Monday, Sep 03, 2007

One answer to all your questions about creating an optimal learning environment (Part 2)

Download this episode (11 min)   
In this episode Nick Drummond and Mats Edin continue talking about a perspective which addresses movement and vertical development in the classroom.

What is really important? What is motivating you and how do you motivate the students? It has to be an authentic answer. Maybe you have never really thought about it or let the students understand that together with you. So you have to find out together with them why what we say and what we do is so important, and allow for that to sink in. Maybe break up into smaller groups (boys and girls separately) to start there and find out. And if it starts to get uncomfortable then that is a great sign. What is motivating you, really? That is the key thing. If the answer is survival, to get your salary and pay your bills, then you have to dig deeper. We are not saying that many teachers think like that. But what is it that we are expressing? Because kids are easily disillusioned and that is why it is so important to give them a much bigger context than we normally give them and to find the answer you have to go deeper than you maybe ever have done before.

So what is life really all about? Are we nothing more than a chemical process? Is life totally meaningless?

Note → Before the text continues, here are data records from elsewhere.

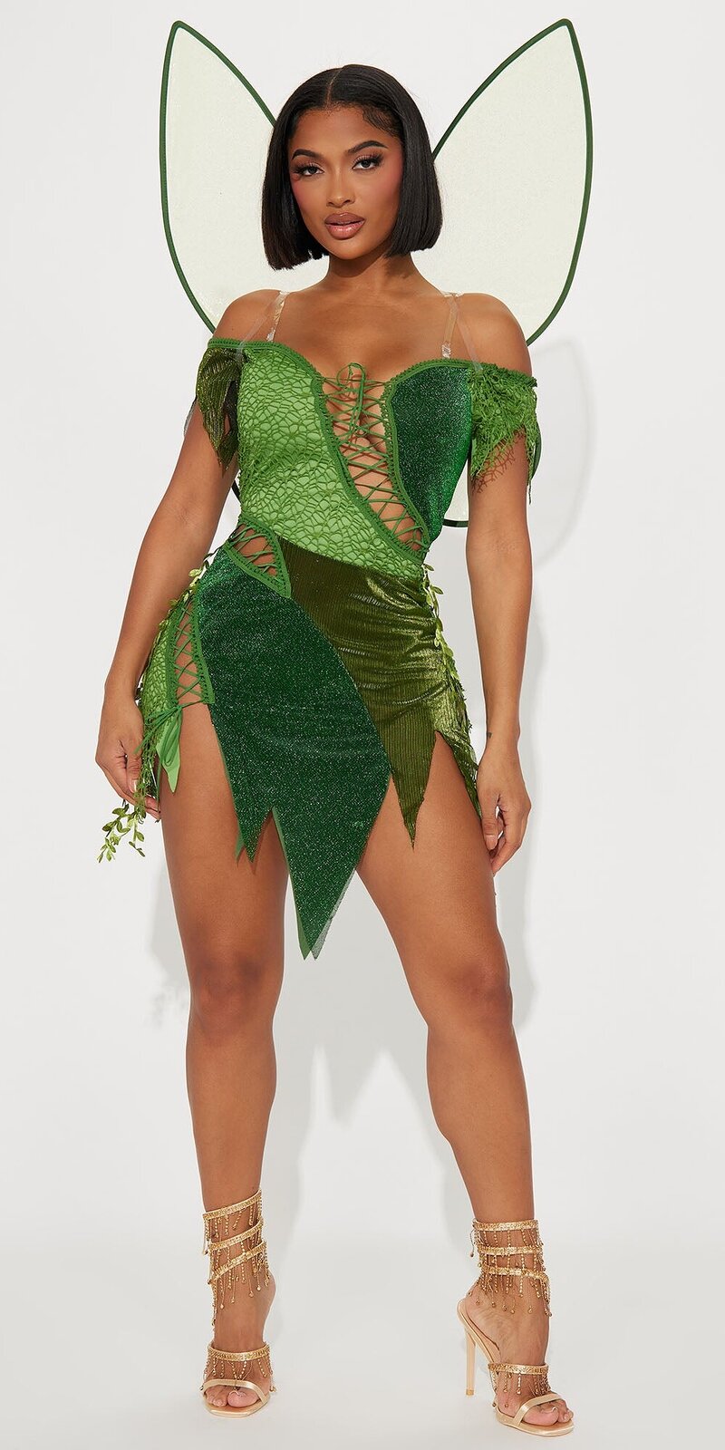 Zvodný zelený kostým v štýle víly s trblietavými detailmi. Súčasťou je patchworkové minišaty s odnímateľnými ramienkami a trblietavé krídla. Ideálny outfit na Halloween alebo tematickú párty.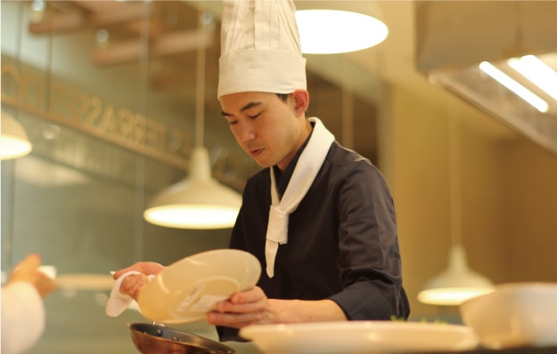 大江ノ郷自然牧場の調理部門は、「食」の楽しさ、鳥取のもつ食材の素晴らしさをお客様に体感していただくことを大切にしており、「パンケーキの調理(ココガーデン)」「レストラン(大江ノ郷テラス・IRORI)」「釜卵うどん専門店(大江ノ郷製麺所)」を運営しています。お客様に「美味しかった」と笑顔になってもらえるよう調理をしながらでもお客様の様子に気を配り、変化に気づく事を大切にしています。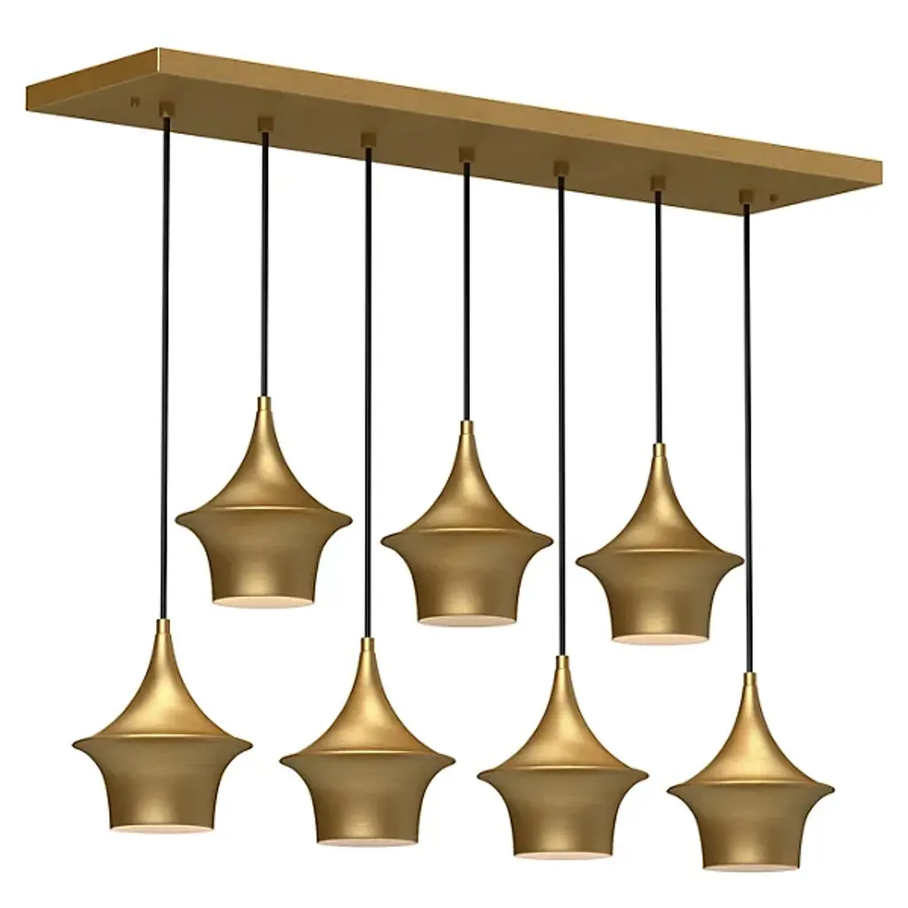 Ideal over a kitchen counter or large gathering space, the Emiko Linear Suspension from Alora Mood brings an intricate, elegant appeal to inside ceilings. Starting with a sleek and slender rectangular canopy, it sends down slim cables to small, strong lamps set into conical metal housings. Each housing narrows below the lamping’s lower sections, pouring out an inspired assembly of evenly spaced downlight that adds an authoritative ambiance.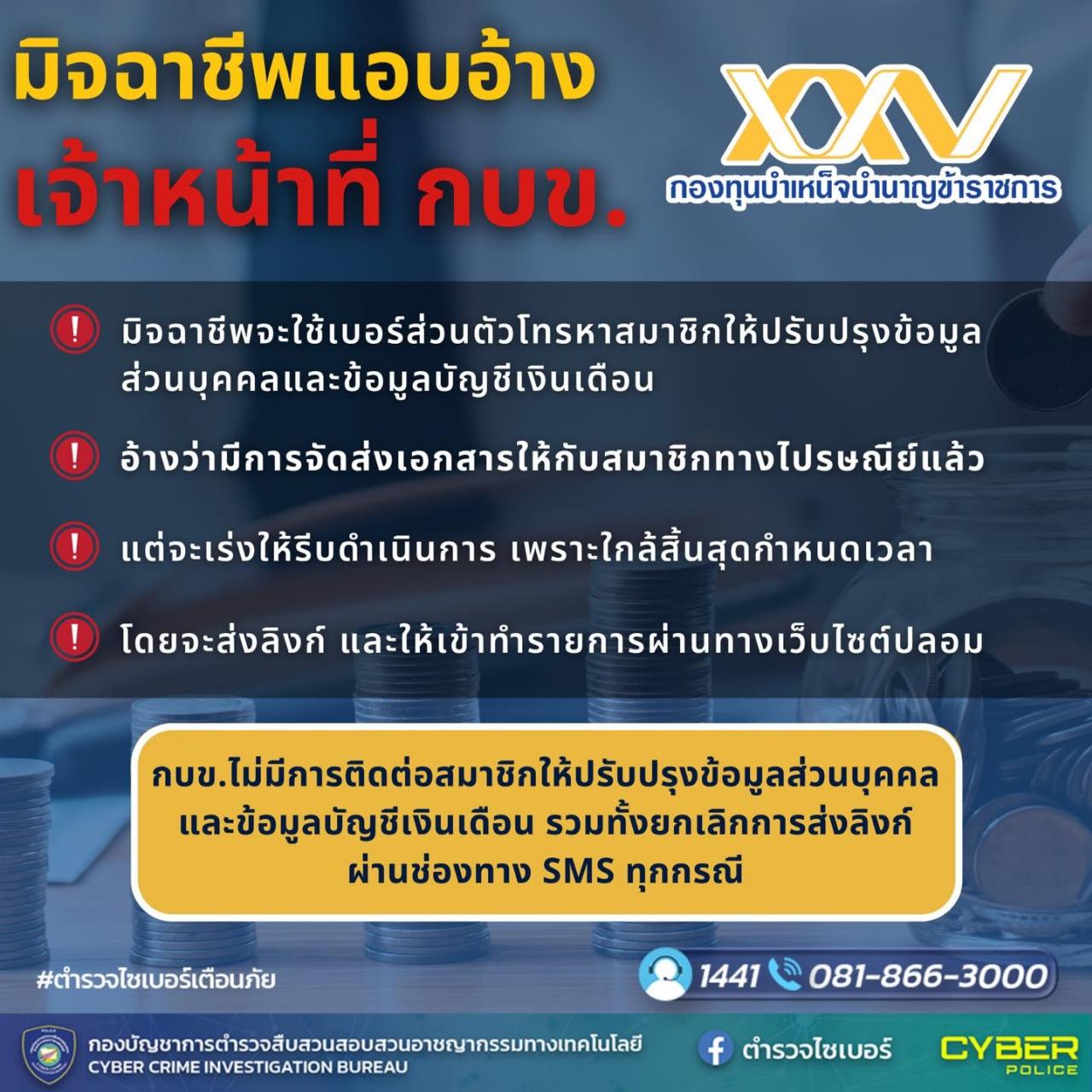 11 ก.ย. 2566 09:36:55👮🏻♀️ตำรวจไซเบอร์เตือนภัย 📢มิจฉาชีพแอบอ้างว่าเป็นเจ้าหน้าที่ กบข. . 📌กลโกงของคนร้าย : 1. มิจฉาชีพจะใช้เบอร์ส่วนตัวโทรหาสมาชิกให้ปรับปรุงข้อมูล ส่วนบุคคลและข้อมูลบัญชีเงินเดือน 2. อ้างว่ามีการจัดส่งเอกสารให้กับสมาชิกทางไปรษณีย์แล้ว 3. แต่จะเร่งให้สมาชิกต้องรีบดำเนินการ เพราะใกล้สิ้นสุดกำหนดเวลา 4. โด...

We can’t motivate kids to take on a responsibility for life and development by saying that there is no God, there is no meaning, that life is a big accident and totally meaningless and that the brain is nothing more than a chemical process that anybody can manipulate to create some sense of meaning. But that is what materialists say. But if that is true then we are really in serious trouble. As chemical processes we really do have to fight to create something really big, to create meaning and to motivate kids. And if we believe that there is deep meaning to life then we are responsible for what we give to these teenagers and kids. Meaning is not just lying out there, we have to create it. We don’t have to look far. Look around you at the school. Are there people who need your help and presence? If you look around and the answer is yes, then you have the meaning there. Realising that we are responsible for making whatever higher happens. There is no one else who is going to do it. Realising that we are capable of much more than we thought. We are an expression of the highest that life and consciousness has reached. You won’t have to say to the kids to develop, because they will say “I’m just doing what my teacher is doing. She keeps moving all the time. She is always changing and developing. I know what life is about now. I didn’t get it before. She kept saying that we should develop but she didn’t, she just kept doing the same.”

This vertical perspective is implicating and people in Scandinavia, and in particular Sweden, become very suspicious when we start talking about it, because then it implies that they are going to be available. And Swedish people do not want to be available. “I want to have my time for myself. It’s my life!” And Swedish people love to be unhappy. But when you start expressing something else that is deeper than your own inertia you become available and responsible and you discover that life is inherently positive and what it is really all about.